For my money... and maybe I speak for many here, I think I've enough decent gear on hand to switch to the rent-before-you-buy thing, and/or buy it 2nd-hand mode - EXCEPT in rare instances when it's EXACTLY what you need. Interesting that at 2.4 rather than 1.4 and with a 52mm barrel, they've still got a bigger lens than my old 1.4/85 with a 67mm barrel. Dimensions are about 30mm longer, but only 1 gram more in weight. Note that the additional 30mm corresponds very closely (eyeball measurement rather than caliper) to the length of the Novoflex adapter. So the dirty little secret of mirrorless lens engineering continues to rule! and smaller bodies continue to require bigger lenses! Oh well.... it's not the size, it's the experience that matters.
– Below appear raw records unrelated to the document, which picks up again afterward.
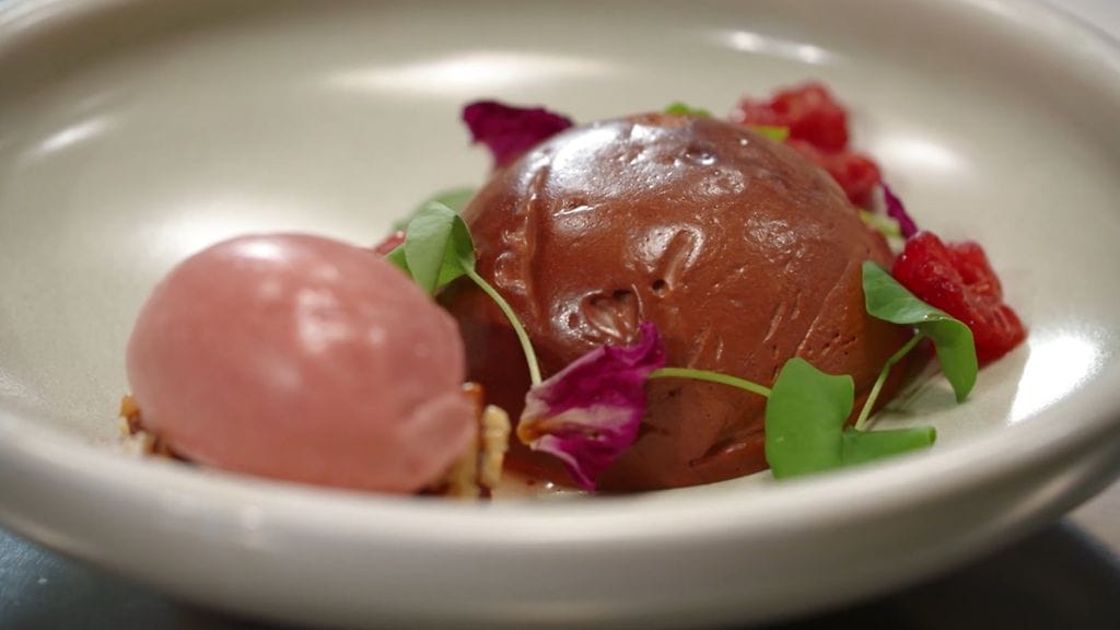 Mittaa tehosekoittimeen vadelmat, kaurajogurtti ja xantana. Mittaa kattilaan glukoosisiiraappi sekä kaurakerma ja kiehauta. Lisää tehosekoittimeen kaikki ja sekoita tasaiseksi. Siivilöi ja kaada jäätelökoneeseen.
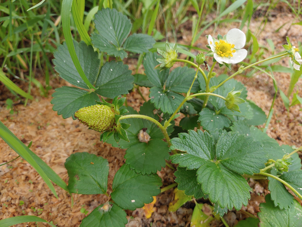 Our very first strawberries are forming! Yes, we’ve had wild strawberries before, but these are our first strawberries that we’ve planted ourselves.
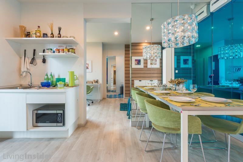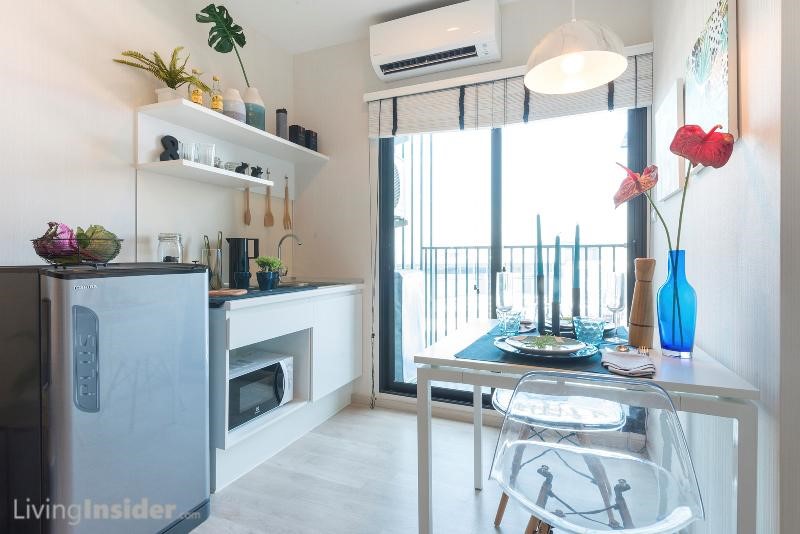 เปิดประตูเข้ามาพบกับส่วนครัว (Kitchen) พร้อมโต๊ะทานอาหาร 4 ที่นั่ง พื้นที่ครัว จริงๆห้องนี้ พื้นที่ครัวถือว่าไม่เล็กนะครับ ใช้งานได้มากกว่าแบบ 1 ห้องนอนมากๆ พื้นที่ระเบียงเหมาะกับใช้ตากผ้า

For me MF would be fine in a lot of cases and this discussion gets me wondering why I hate using legacy glass in the field. Ultimately that boils down to 2 things: 1) the inability of the A7 camera's to toggle peaking and magnified view by just 1 button press and 2) the lack of EXIF data of the lens. The Loxia does away with gripe #2 so that leaves just the peaking thing. Is that so important, you'd ask? Yes, it is. When doing landscapes, a lot of the scene is in focus and overlaid by peaking color and I want to have peaking in magnified view to be absolutely sure of perfect focus. I was thinking hard about getting me a Loxia 21mm but this is the thing that holds me back. I now use AF zoom lenses in the field for landscape photography because I can simply point the focus spot to where I want it to be and the viewfinder image is free of distracting peaking color. I don't think I would exchange the FE 4/70-200mm by primes but the FE 4/16-35mm is a more likely candidate, I think I could get by with the Loxia 21mm and Sony's FE 2/28, 1.8/50 and 4/70-200.